Editor, seeing that America went to war without further UN support, I don’t see how you can argue that we successfully persuaded America to go down the UN route. America was unstoppable in its determination to go to war and Blair, despite not meeting his own conditions for war, took us along with it. That made us a poodle.

That's nonsense, Mark@20:26. You are buying leftie revisionist propaganda. Blair was always in favour of invading Iraq. He'd have gone in in 1998 if Clinton had been willing. Blair was personally convicted of his mission to civilize the earth, bringing liberty and democracy and human rights to as many places as he could. He didn't "go along" with invading Iraq.

And he was right to take that attitude. It's what Britain and her daughter-of-empire America have done these past three hundred years. And we'll still be doing it in a hundred years' time.

You're right Andrew Blair should certainly be convicted. I'm not aware that he 'civilized' anywhere though. I can't think of too many wars Britain has fought in the last 300 years for liberty or democracy. Perhaps you could enlighten us?

Going back to the Editors point...I think the fact is Joe Public couldnt give a monkeys about an enquiry at this late stage of the game. If the Conservative grass roots (as evidenced by some contributors here) think its necessary from a moral perspective, so be it. But it sure aint gonna win votes.

Blair's own conditions were:

...the UK would support military action to bring about regime change, provided that certain conditions were met: efforts had been made to construct a coalition / shape public opinion, the Israel-Palestine Crisis was quiescent, and the options for action to eliminate Iraq's WMD through the UN weapons inspectors had been exhausted.

On the 7th March 2003 Hans Blix was telling the UN that he needed months, not weeks or years, to resolve the disarmament tasks. We invaded 13 days later. You can hardly say that "the options for action to eliminate Iraq's WMD through the UN weapons inspectors had been exhausted".

£200 million plus Richard North? Not even the Saville enquiry cost that.
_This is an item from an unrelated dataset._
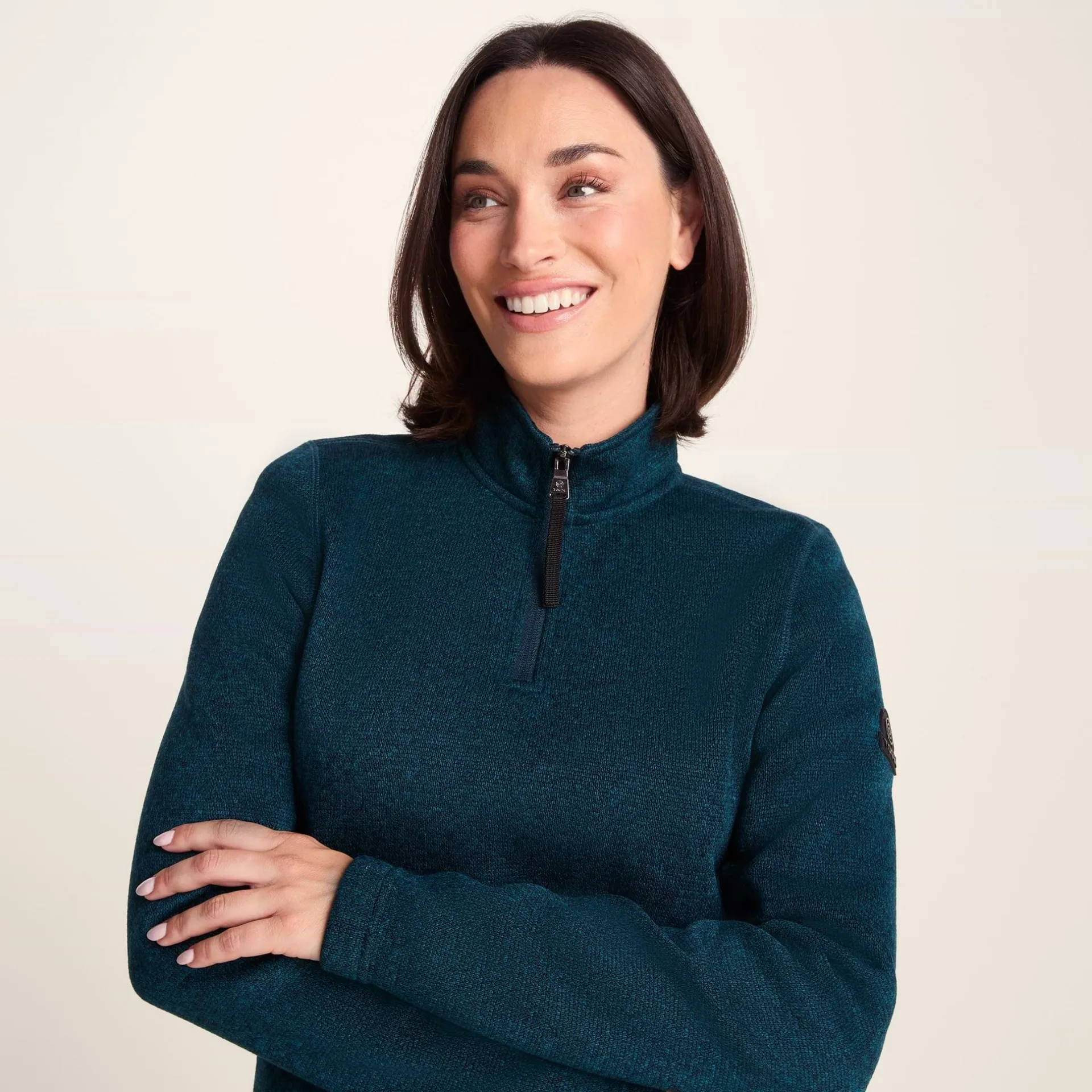 Product DescriptionSupersoft and a really useful layering piece, our Pearson knitlook women’s ¼ zip top combines the relaxed appeal of knitwear with the insulating warmth of fleece. Ideal for going to an outdoor workout or doing the school run, it can be worn alone on cool days yet easily fits under a coat or waterproof. Cut in a flattering, streamlined shape with a high zip-up neck for extra snugness, Pearson is anti-pill and comes in colours that reflect the sunlit North Sea and heather-clad moors of Yorkshire. ‘Truth Over Glory’ branding appears as an embossed Yorkshire rose on the sleeve.FeaturesSupersoft and warm knitlook fleeceAnti-pillZip neck openingEmbossed rubber Yorkshire Rose badge on sleeveFitStudio model Lauren is wearing size 8 and is 5’7

You're just plucking figures out of the air...

Posted by: Malcolm Dunn | March 26, 2008 at 15:24

Richard North, I don't know where you get that wild £200 million from but, for the sake of argument, I'll work with it.

Posted by: Mark Fulford | March 26, 2008 at 15:47

Do your research before you accuse me of error or exaggerating.

Now answer the second part of the question - what makes you think an inquiry will tells us anything we did not already know?

That is just one estimate most others put the total at less than $200 million.Nevetheless it is true that you picked the figure out of the air, there would be no reason for an enquiry to last anything like as long as 8 years,the Franks commission into the Falklands war concluded within months.
As regards the second part of your question you have no idea what an enquiry into the origins of this war will uncover or not uncover. Many conflicts involving British forces result in enquiries as I'm sure you well know. Churchill had some of his most difficult moments during WW2 after the report into the fall of Singapore (cocluded whilst our troops were still in action).
If an enquiry concludes that the government acted properly throughout then Tony Blair will be vindicated and people like me who believe he told a pack of lies will have to eat huge amounts of humble pie and apologise.More importantly trust in the political process in this country which has been hugely damaged in recent years may be restored. That surely is a price worth paying.

Malcolm Dunn -

Cost so far.

"On 8 February 2008, Secretary of State, Shaun Woodward revealed that the Bloody Sunday Inquiry was still costing £500,000 a month although it has not held hearings since 2005. The total cost of the Inquiry had reached £181.2m (by December 2007) and would not report until the second half of 2008. More than half of the overall cost is believed to be legal bills for the Inquiry."


Game set and match to Richard North!